** PROVIDED MATERIAL follows **
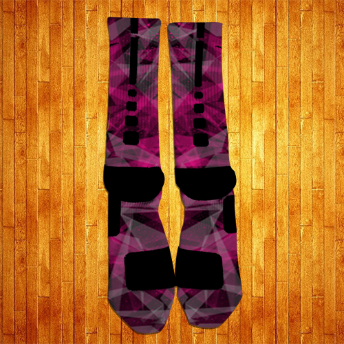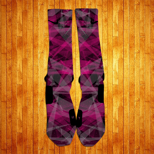 Inspired by the Lebron XI Miami Nights, these socks sport a Black, Pink and Grey prism style design accented with Pink Splatters.
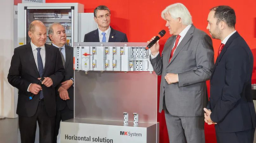 倍福全球總裁 Hans Beckhoff 向德國總理奧拉夫·舒爾茨和葡萄牙總理安東尼奧·科斯塔展示用于實現(xiàn)無控制柜自動化的 MX 系統(tǒng)。
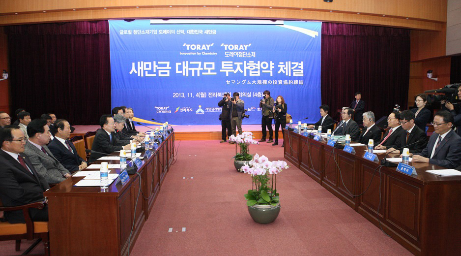 “도레이첨단소재는 전라북도 새만금에 외국계 기업으로는 최초로 입주하는 것입니다. 군산을 전략적 거점으로 육성하여 지역경제 발전에 기여하고 새만금의 외국인투자 활성화 모범 기업으로 성장할 것으로 봅니다.”
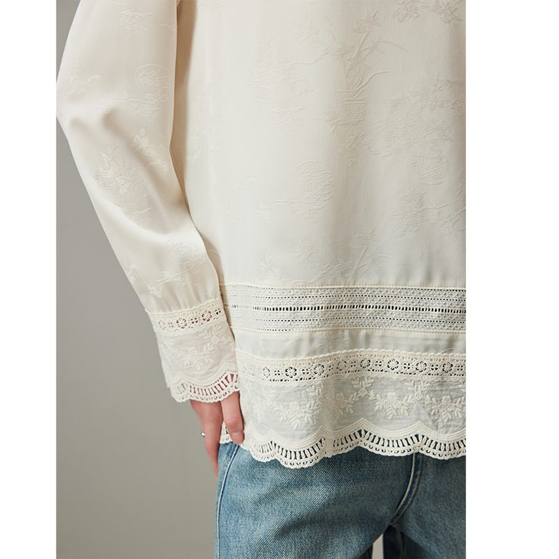 衬衫 圆领打底衫 女2025年秋季 镂空花边薄款 新款 dfvc轻国风提花长袖
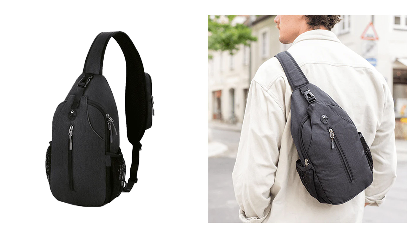 スリングバッグ 胸や背中に斜め掛けできる、ゆったりとしたバッグです。後ろ向きのスリングバッグよりも小さくて軽いのが特徴です。財布やメガネなどの小物を入れるのに十分なサイズです。
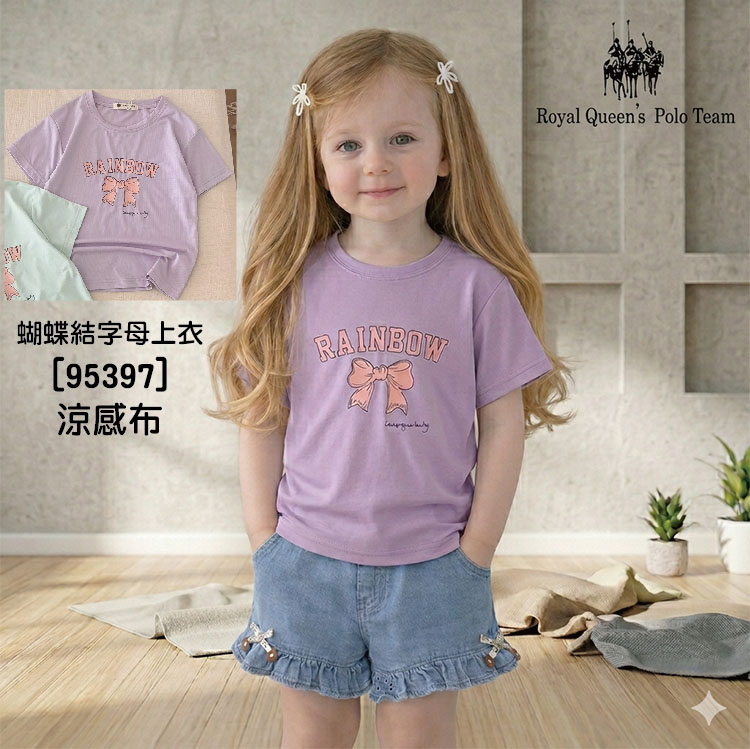 小女童 涼感速乾網眼冰絲 閃亮蝴蝶結短袖上衣圓領T恤 5-17碼 [95397] RQ POLO 小童春夏童裝 短袖上衣
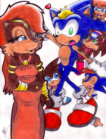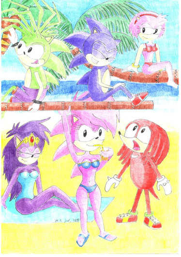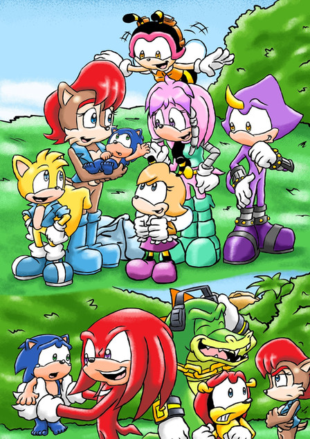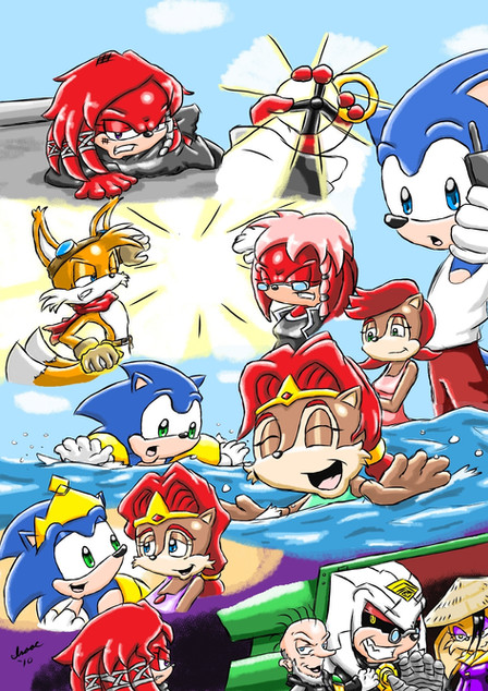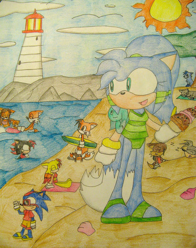 This is something that I was working with while finishing up Shadow and Amy's Family#10. Not much is going on in this pic but a relaxing day in the sun for Sonic's family and some of the fellow Freedom Fighters. Sonic is taking it easy while Sally sees both Sonia and Manik covering their father in a huge pile of sand. Tails and his family are at the beach as well. His wife Mina is sitting along with him while looking over their son Skye, who is making a sand castle. Their daughter Melody is quite enjoying the day as well. Bunny and Antoine are along for the occassion also, and appear to make the most out of the moment. There is also Rotor, who seems to be chilling under a tree while looking outward in the view. Last, but certainly not least, Lara Su is with the gang for some R and R like everyone else. Looks like every guardian needs a break from time to time. Originally, the pic was to be mainly with Sonic and his family, but I later decided to bring in some of the members of the Freedom Fighters. Anyway, here is a cool Sonic pic that many may like.
** End of PROVIDED MATERIAL **
Keep to the lines above from the line with "전라북도 새만금에 외국계" to the line with "小女童 涼感速乾網眼冰絲 閃亮蝴蝶結短袖上衣圓領T恤", and set down exactly those, inclusive, with nothing else and every picture left out.

■ ANSWER SPACE ■
 “도레이첨단소재는 전라북도 새만금에 외국계 기업으로는 최초로 입주하는 것입니다. 군산을 전략적 거점으로 육성하여 지역경제 발전에 기여하고 새만금의 외국인투자 활성화 모범 기업으로 성장할 것으로 봅니다.”
 衬衫 圆领打底衫 女2025年秋季 镂空花边薄款 新款 dfvc轻国风提花长袖
 スリングバッグ 胸や背中に斜め掛けできる、ゆったりとしたバッグです。後ろ向きのスリングバッグよりも小さくて軽いのが特徴です。財布やメガネなどの小物を入れるのに十分なサイズです。
 小女童 涼感速乾網眼冰絲 閃亮蝴蝶結短袖上衣圓領T恤 5-17碼 [95397] RQ POLO 小童春夏童裝 短袖上衣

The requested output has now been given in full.